Random thoughts

Life goes on. Little brother* and I went to the Registrar's office in Cupar today. You'd be surprised just how many forms have to be filled in before you can be officially dead. It's an expensive business too - copies of the death certificate cost £8.50 each and you need lots to prove to various insurance companies, banks and other worthy institutions that there's no point in bombarding someone with junk mail anymore.

Anyway, the registrar's office. This was an hour of passing boredom whilst a well-meaning assistant registrar made odd noises of sympathy as she typed in the information from my parents' birth and marriage certificates before printing out the final sheet. The two birth certificates, dating from 1936 and 1940, are wonderful pieces of art, complete with stamp duty paid by means of an actual 1d stamp. The marriage certificate is a bit more modern, dating from as recently as 1961, but it's still a beautifully hand-written record.

By contrast, there's nothing special at all about the death certificate. It's printed by a cheap HP laser printer on expensive watermarked paper, but there's none of that sense of pride and workmanship. Ah well, that's progress I suppose.

I'm either a completely heartless bastard, or I haven't really processed the whole situation properly yet. Either way, I'm remarkably sanguine about becoming an orphan. We've been having endless meetings with important people, my brothers**, sister and I, several with our lesbian minister**** and I can't help myself from lowering the tone by making slightly inappropriate jokes. Something about the gallows humour of the crime writer coming to the fore, perhaps. I'm sure I'll be miserable later.

Anyway, the registrar's office. It wasn't much of a place, really. Just a small room with a desk and a couple of uncomfortable chairs for us to sit in. There were a few leaflets on a side table, but other than that no decoration at all, save a large poster advertising the new wedding facilities available to lucky Fifers (and outsiders who might be mad enough to come here to wed).

According to this poster it's now possible, and indeed legal, to be married on the beach (inadvisable given the weather around here), in a castle (except there aren't any worth much celebrating in the Kingdom) or at the football (if Val McDermid and Gordon Brown let you onto the hallowed turf at Raith Rovers).

I couldn't help noticing, however, that this singular celebration of the diversity of marriage vows had been strategically placed to hide (unsuccessfully) a large crack that ran from floor to ceiling. There's a sense of hope for the future of any relationship forged in these parts.


*who I think I have said before is bigger than me.
** or 'bothers' as the Dundee Courier printed it in their half page article on the front page last Tuesday.***
*** in which they helpfully gave my parents' full address, so any thieves will know where to come in the next few months. Still, it was a nice article.

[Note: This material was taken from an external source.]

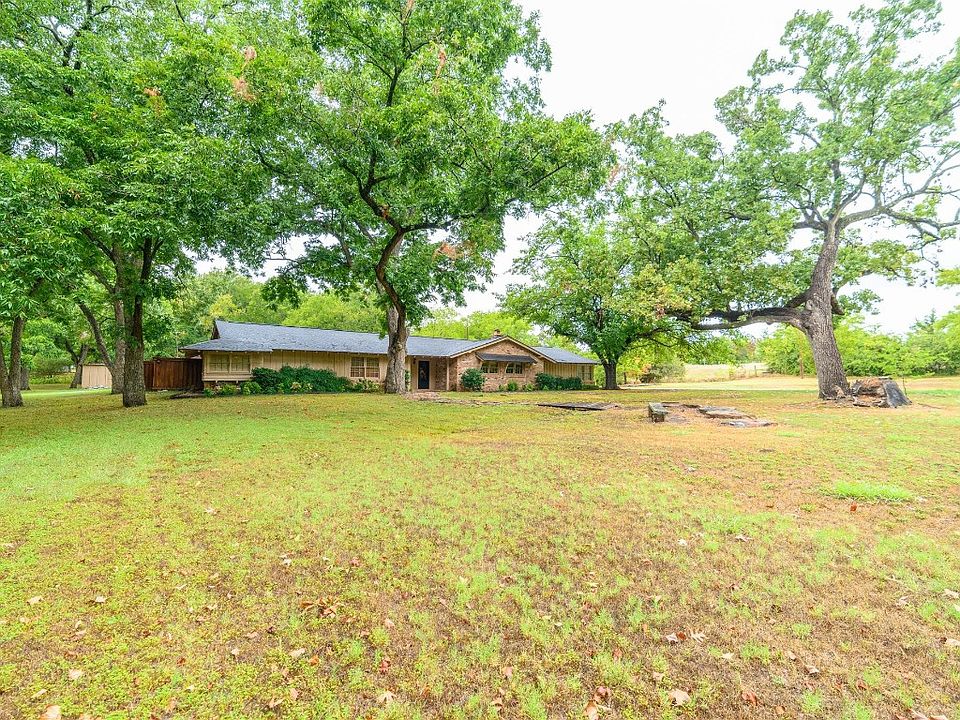 Single story home with majestic mature oak trees located just minutes west of Highway 75 (Central Expressway). Location is an easy drive to the metroplex. New roof 2021. Neutral colors. Oversized living room with windows on 2 sides, large brick fireplace with insert with blower, shelves and cabinets. Split floorplan. Master suite has sitting area and his and her walk-in closets. Large diving pool. Pool house with half bath. Large metal workshop and storage.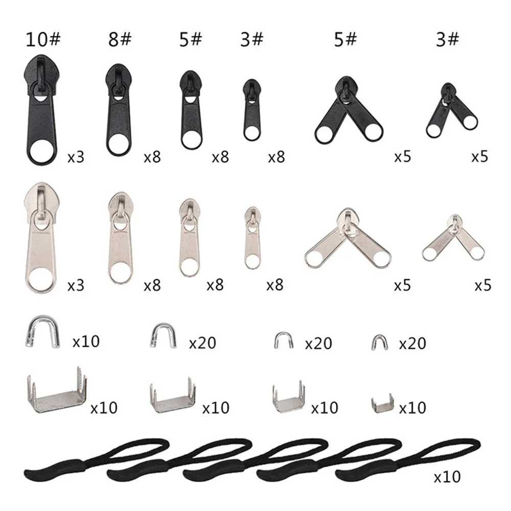 85Pcs/set Zipper Repair Kit Easy Fix Zipper Slider Head Puller Closure Universal Replacement Broken/Wearable Household Removable

**** it's true, but probably for another post.

Comments

Sandra Ruttan said…
Hey, if jokes work for you, they work for you. Who knows what you've processed for now... It's the quiet moments, in the routine of life, when you would have thought about picking up the phone (if you had one) or dropping in to say hi on your way to the airport or wondering what the holiday plans are that it will hit you.

And there will be plenty of time to be miserable then, as you say. Sometimes we're stronger in the moment, when things need to be done. It's when you go home you may need some time, and if you do, there's no shame in it.
highlandwriter said…
Sandra has brought up some very important things. I'm not sure I can add much to that.

Hang in there. Your blog friends are thinking of you during this unimaginable time.

--hw
angie said…
There's no right way to deal with loss, so do it however you need to. Must be a bit surreal to sift through all the weird legal bits, though. If you can find humor in the bureaucracy, then go for it.

Hang in there, James.
Anonymous said…
It's true-right now you're doing what has to be done. Later, when it seems like things are back to 'normal', that's when grief tends to really hit people.

Having said that, it's been seventeen years since my aunt died and I still occasionally break down at the oddest times. You just don't know what little something will remind you. Life is peculiar that way.
Unknown said…
I don't realy know what to say, other than hang on in there James.

It appears to me that you have a strong and supportive family, and I know you have many friends on here, so youve got your choice of shoulders should you need a spare one.